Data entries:
****************************************
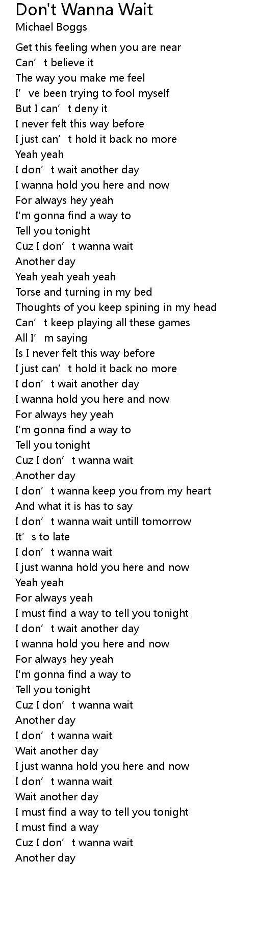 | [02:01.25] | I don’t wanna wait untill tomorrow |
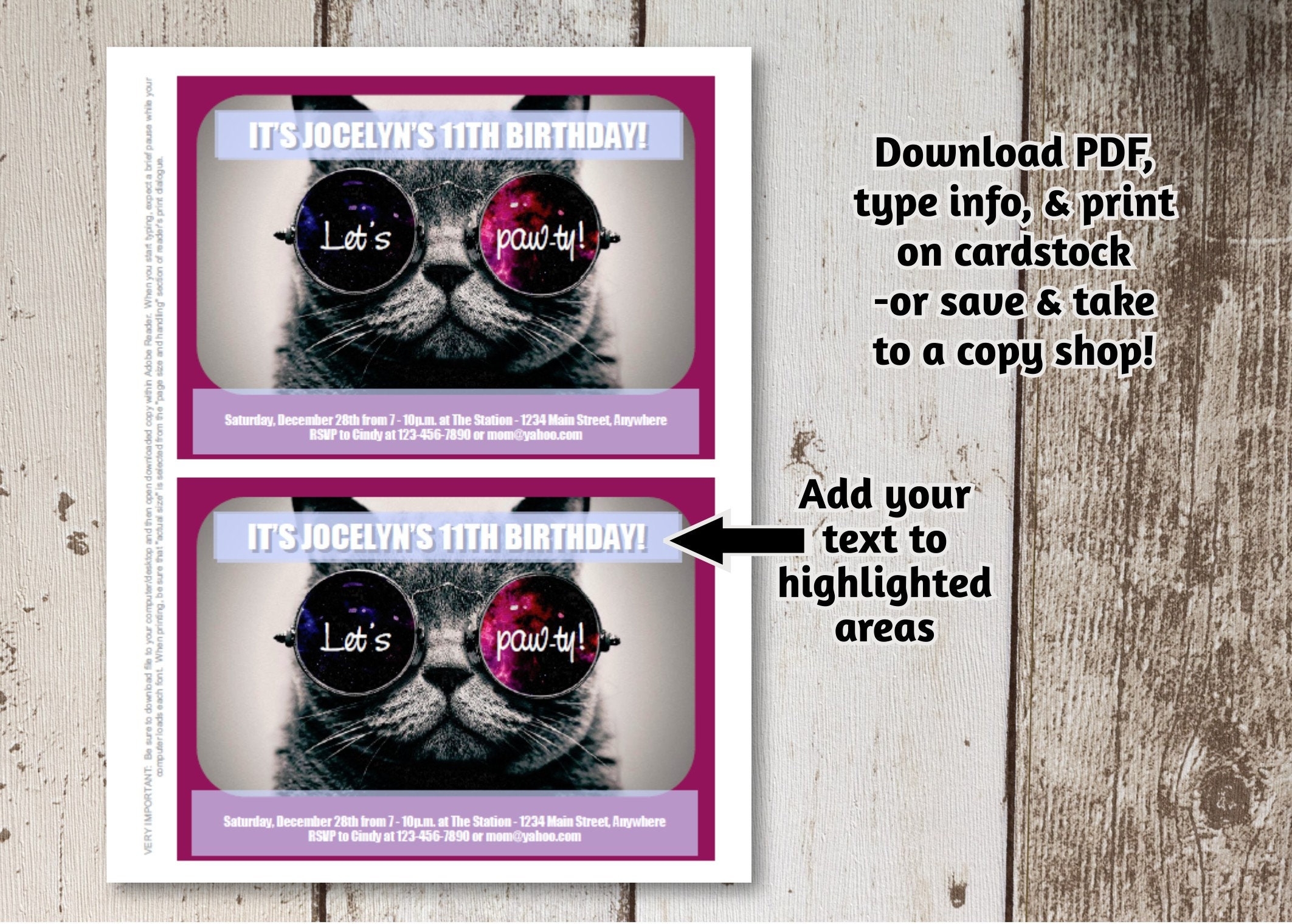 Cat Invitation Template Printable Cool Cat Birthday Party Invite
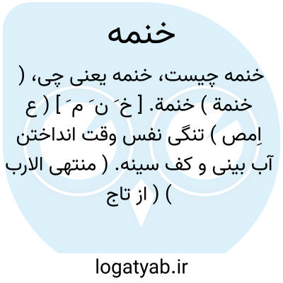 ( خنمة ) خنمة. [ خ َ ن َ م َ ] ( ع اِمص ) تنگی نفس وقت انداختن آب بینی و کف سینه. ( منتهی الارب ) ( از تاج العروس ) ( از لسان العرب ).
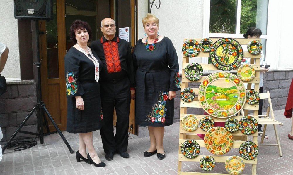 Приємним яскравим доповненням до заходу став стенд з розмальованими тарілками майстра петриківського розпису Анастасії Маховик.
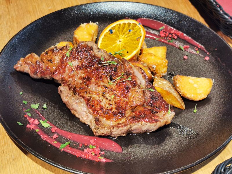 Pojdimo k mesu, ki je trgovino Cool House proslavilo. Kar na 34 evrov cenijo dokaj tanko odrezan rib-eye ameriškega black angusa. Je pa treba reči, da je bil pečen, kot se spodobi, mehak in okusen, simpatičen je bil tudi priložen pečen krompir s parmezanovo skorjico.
****************************************
Assignment: Could you please write out the entries exactly as they are, with every picture left out?

Response to this task:
 | [02:01.25] | I don’t wanna wait untill tomorrow |
 Cat Invitation Template Printable Cool Cat Birthday Party Invite
 ( خنمة ) خنمة. [ خ َ ن َ م َ ] ( ع اِمص ) تنگی نفس وقت انداختن آب بینی و کف سینه. ( منتهی الارب ) ( از تاج العروس ) ( از لسان العرب ).
 Приємним яскравим доповненням до заходу став стенд з розмальованими тарілками майстра петриківського розпису Анастасії Маховик.
 Pojdimo k mesu, ki je trgovino Cool House proslavilo. Kar na 34 evrov cenijo dokaj tanko odrezan rib-eye ameriškega black angusa. Je pa treba reči, da je bil pečen, kot se spodobi, mehak in okusen, simpatičen je bil tudi priložen pečen krompir s parmezanovo skorjico.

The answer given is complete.